1. A reactor is characterized in that a reactor body is provided,

the reactor is provided with a core main body,

the core main body includes: an outer peripheral portion iron core; at least three cores disposed in contact with or bonded to an inner surface of the outer peripheral core; and a coil wound around the at least three cores,

a gap capable of magnetic coupling is formed between one of the at least three cores and another of the at least three cores adjacent to the one core,

the reactor further has:

a terminal block including a terminal connected to the coil and connected to a cable via a conducting portion; and

a shock protection cover provided so as to cover the terminal block,

the electric shock protective cover includes an opening portion provided so as to allow the cable connected to the terminal to pass therethrough,

the terminal block includes a plate configured to close at least a part of the opening so that a finger does not contact the current-carrying portion in a state where the cable is connected to the terminal, and the plate is detachable according to a thickness of the cable.
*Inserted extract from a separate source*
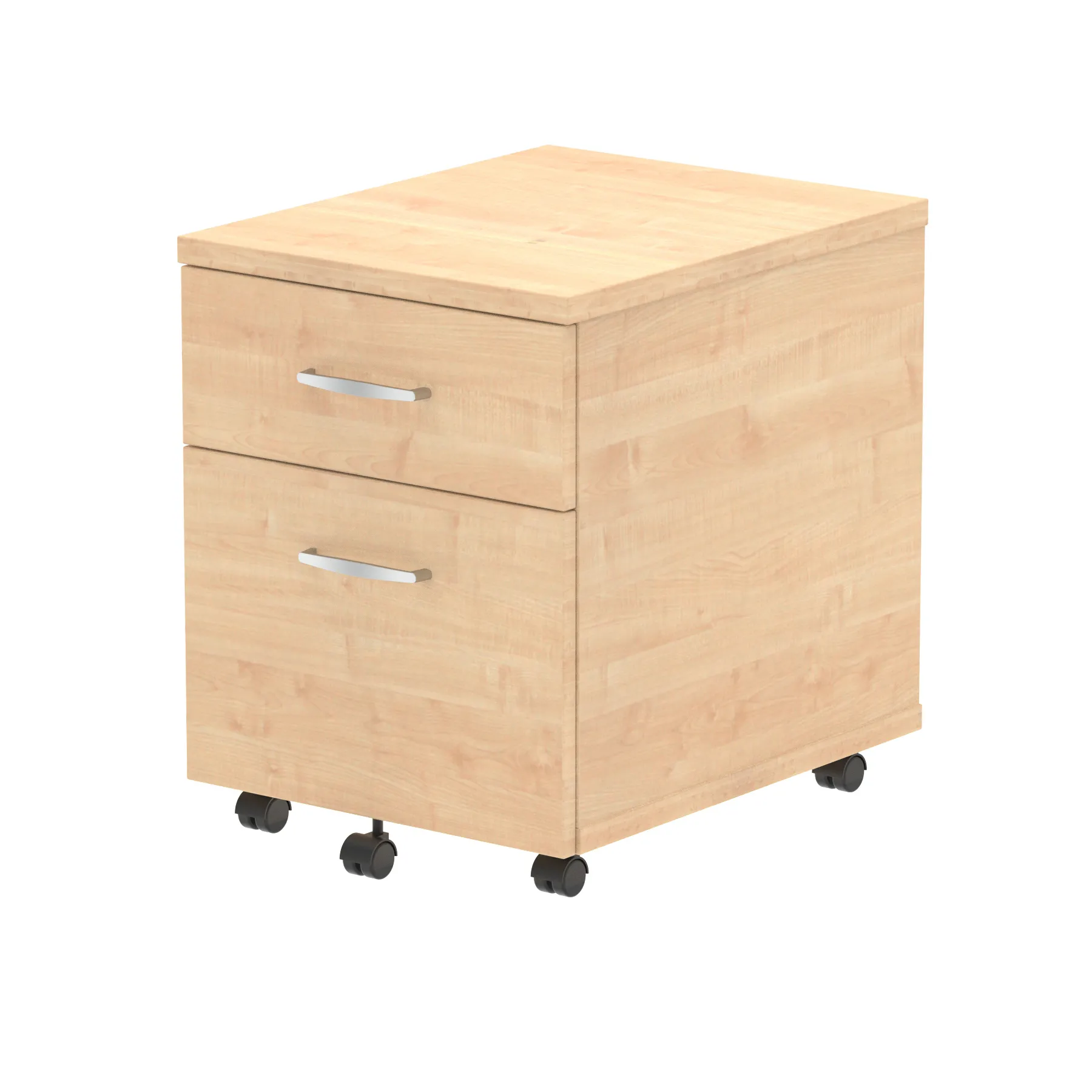 Impulse mobile pedestal | 25mm top | Full 18mm back board | 2mm abs protective edges | Steel handles | Solid box drawer construction | Fits A4 filing (Filing rails only available on the 2 drawer variant) | Smooth running castors for mobility | Steel to steel fixings | Lockable drawers | Heat resistant beech melamine finish

2. The reactor according to claim 1,

the terminal block has a notch formed near the opening for disposing the board.

3. The reactor according to claim 1,

a recess is formed in the plate to match the shape of the cable.

4. The reactor according to claim 2,

a recess is formed in the plate to match the shape of the cable.

5. The reactor according to any one of claims 1 to 4,

disengaging the plate for a first condition that is: in a state where the cable is connected to the terminal, since the diameter of the cable is large, the opening is closed even if the plate is not present, and the finger does not contact the current-carrying portion,

for a second instance, the plate is installed, the second instance being: in a state where the cable is connected to the terminal, since the diameter of the cable is small, the opening is not closed and a finger is in contact with the current-carrying portion when the plate is not present.

6. A reactor is characterized in that a reactor body is provided,

the reactor is provided with a core main body,

the reactor further has:

a shock protection cover provided so as to cover the terminal block,

the terminal block includes a mounting portion to which an opening size adjustment member is detachably mounted according to the thickness of the cable, the opening size adjustment member being configured to close at least a part of the opening portion so that a finger does not contact the current-carrying portion in a state where the cable is connected to the terminal.